Journal title: Brain Research
Volume: 1704
Start page: 68
End page: 77
Abstract: Transient receptor potential melastatin 2 (TRPM2) is a Ca²⁺-permeable, nonselective cation channel and a member of the TRP channel superfamily that acts as a sensor of intracellular redox states. TRPM2 is widely distributed in many tissues and highly expressed in the brain, but the physiological roles of TRPM2 in the central nervous system remain unclear. In this study, TRPM2-deficient mice were examined in a series of behavioral tests. TRPM2-deficient mice did not significantly differ from wild-type littermates in muscle strength, light/dark transition test, rotarod, elevated plus maze, social interaction, prepulse inhibition, Y-maze, forced swim test, cued and contextual fear conditioning, and tail suspension test. In the Barnes circular maze, TRPM2-deficient mice learned the fixed escape box position at similar extent to wild-type littermates, suggesting normal reference memory. However, performance of the first reversal trial and probe test were significantly impaired in TRPM2-deficient mice. In the T-maze delayed alternation task, TRPM2 deficiency significantly reduced choice accuracy. These results indicate that TRPM2-deficient mice shows behavioral inflexibility. Meanwhile, social avoidance induced by repeated social defeat stress was significantly attenuated in TRPM2-deficient mice, suggesting that TRPM2 deficiency confers stress resiliency. Our findings indicate that TRPM2 plays an essential role in maintaining behavioral flexibility but it increases susceptibility to stress.
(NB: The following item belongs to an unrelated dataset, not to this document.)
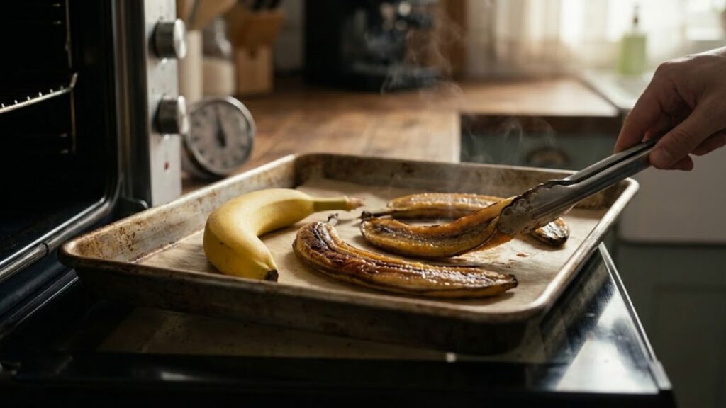 Simply remove the peel from the banana, place it on a baking sheet, and bake at 350°F for 30 minutes until tender.

Rights: © 2019. This manuscript version is made available under the CC-BY-NC-ND 4.0 license http://creativecommons.org/licenses/by-nc-nd/4.0/.
The full-text file will be made open to the public on 1 February 2020 in accordance with publisher's 'Terms and Conditions for Self-Archiving'.
This is not the published version. Please cite only the published version. この論文は出版社版でありません。引用の際には出版社版をご確認ご利用ください。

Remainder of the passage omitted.